Forgotten Silver (1995)
The world of film is unfair. For every great filmmaker, another has been lost to time. The documentary Forgotten Silver is about one of these forgotten filmmakers. Made by New Zealand filmmakers Peter Jackson and Costa Botes, released in 1995, this project is a joint search for a man who never really made it: Colin McKenzie.
Forgotten Silver, a project that serves as an archaeological search for the beginnings of film, is a guide through the life of McKenzie. McKenzie, a filmmaker with enormous creativity, ingenuity and passion, who despite all his talent was ruined by his circumstances. As a child he made his first camera, created the first tracking shot, and later invented synchronized sound. Everything he did, he did years before anyone else even came up with the idea. The dedication he had to his art was enormous. At some point, he left for the middle of nowhere to build a huge set for the greatest project of passion of his life: a film adaptation of the Biblical story Salome. Yet, despite all this, McKenzie was still left behind in history. Thanks to Forgotten Silver, he gets his well-deserved place in film history as a pioneer after all these years.

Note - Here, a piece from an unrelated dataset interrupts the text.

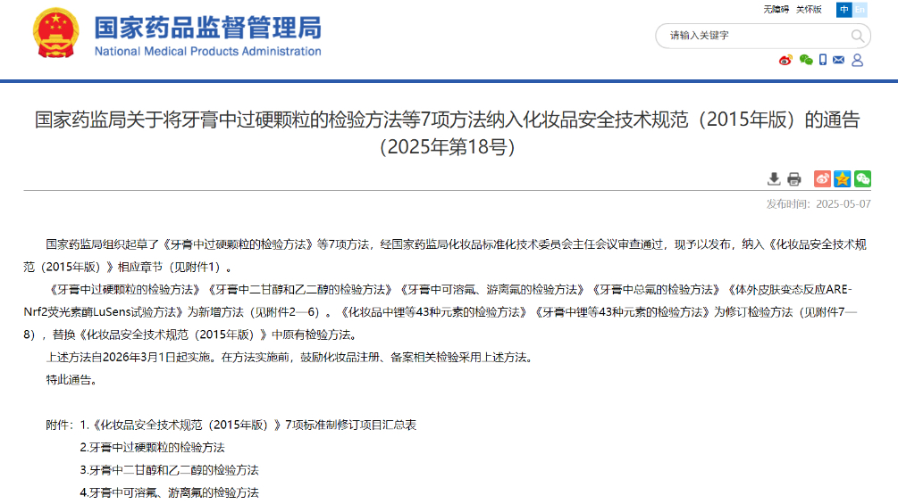國家藥監(jiān)局關(guān)于將牙膏中過硬顆粒的檢驗(yàn)方法等7項(xiàng)方法納入化妝品安全技術(shù)規(guī)范(2015年版)的通告(2025年第18號(hào))

Perhaps you find this whole story a bit suspicious, looking at the archive material (a plane that wobbles back and forth in the air with a tad bit too much enthusiasm before it crashes), or the things that happen to Colin McKenzie are just a bit too bizarre, or you secretly think you recognize his face from Lord of the Rings, but something is not quite right about this documentary. There is one small detail that still needs to be mentioned:
It's all fake.
Now it's a shame that I didn't have the full experience with this film, because I knew from the beginning that it was fake. I'm very curious when or if I would have realized it, if I wasn't aware of this fact. The archive material, made by Costa Botes, which he did by shooting the film normally, but then making the film reel look older through a chemical process, is convincing at times. But if you have seen more old material, you will realize that it is not always fully accurate. The stories about Colin McKenzie are bizarre, but thanks to this fake archive material and the interviews with experts, it does get a layer of credibility. Effective, because when the film came out, it caused a controversy, because the film was never labeled as a mockumentary, and people felt cheated when they found out that it was all fake.

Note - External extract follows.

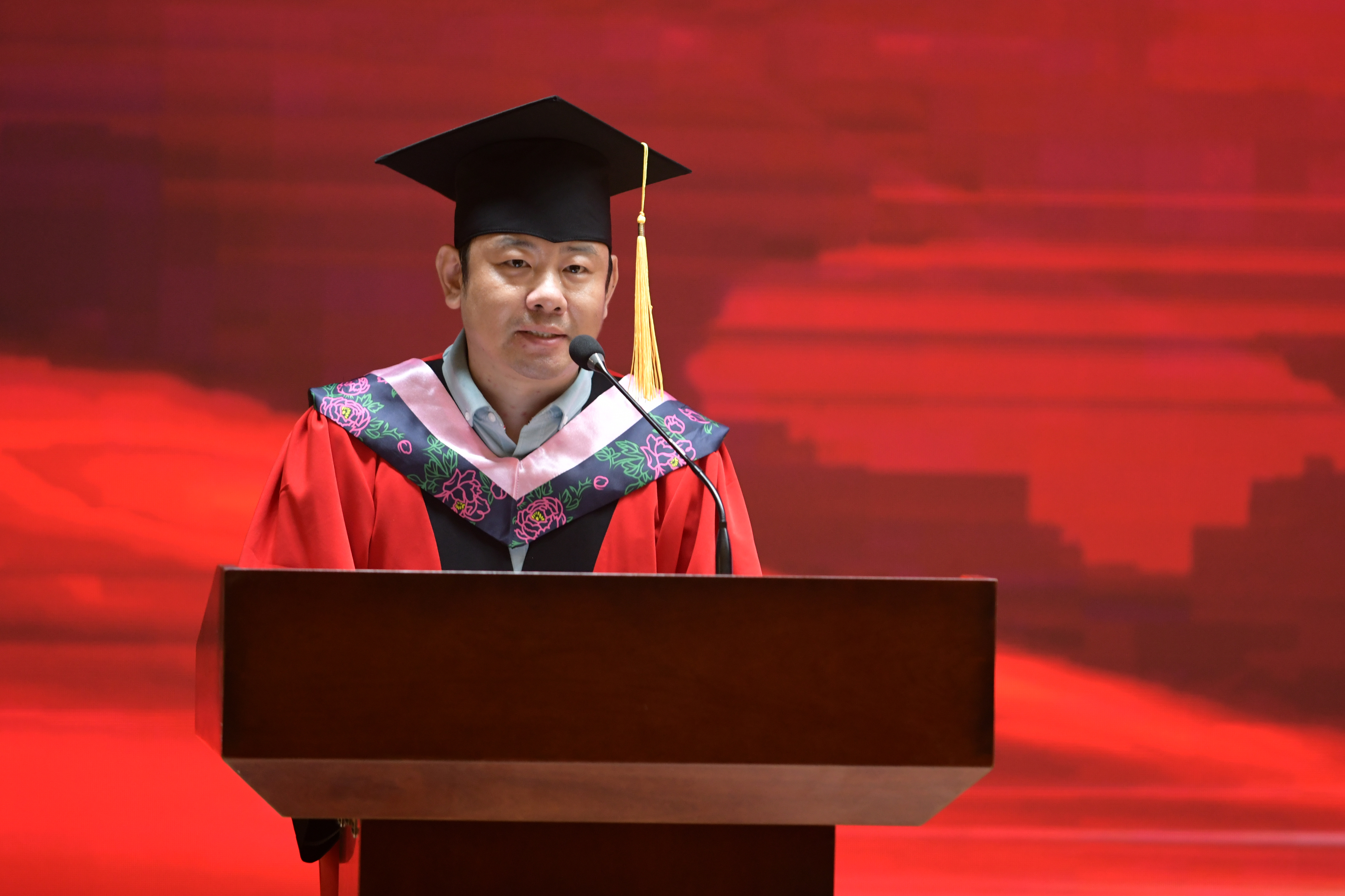 随后,院长张丛皞教授致辞,张院长表达了对全体毕业生的衷心祝贺与诚挚祝愿,并向同学们提出了三点希望:一是希望同学们要始终热爱生活,真正的生活应当是被赋予了高度的精神力量、充满了生命活力的生活;二是希望同学们要始终保持独立思考的习惯,在物质上可以不丰盈,但绝不能成为精神上的穷人;三是希望同学们要始终坚持在实践中不断的提升自我,塑造本领,成长为堪当民族复兴大任的时代新人!典礼现场久久回响起热烈掌声。

Forgotten Silver is a special project. Unfortunately I did not find it equally entertaining over the span of 54 minutes(I found the fluctuation between the Salome production and working for money very boring, and I experienced the addition of an almost entire Salome film as unnecessary), but I find the meaning that you can give to this project extremely fascinating. Even more so, when you realize that it was not even the intention of the creators to fool people. It’s also nice to see references to real people. The set that McKenzie supposedly builds for Salome is reminiscent of Cecil B deMille’s set for his film The Ten Commandments. Cecil B deMille, like McKenzie, made Biblical retellings, and his film set was hidden under the dunes in California for 94 years. So McKenzie’s story is not not that crazy after all! The idea that New Zealand could have been an important force in early film history is also not impossible.
Now, as it was then, Forgotten Silver is a commentary on how history is shaped. It challenges us to look critically at what we consume, even our trusted sources of truth: documentary films. Even the jumpscare that was - and is - Harvey Weinstein takes on new meaning 20 years later. Something that was obviously not intended in 1995, but which serves as a moment of realization that even the biggest assholes and liars are sometimes in plain sight, and you should not blindly trust these important media figures, and therefore the media. Nobody should ever be put on a pedestal. His presence in a film about the erasure and rewriting of people in history is almost obvious.
Even if you already know the truth, the mockumentary is an entertaining project. In an industry built on illusion, Peter Jackson and Costa Botes have pulled off a powerful trick. And who knows, maybe somewhere in a shed, in a dusty box, there is still a lost Colin McKenzie waiting to be discovered.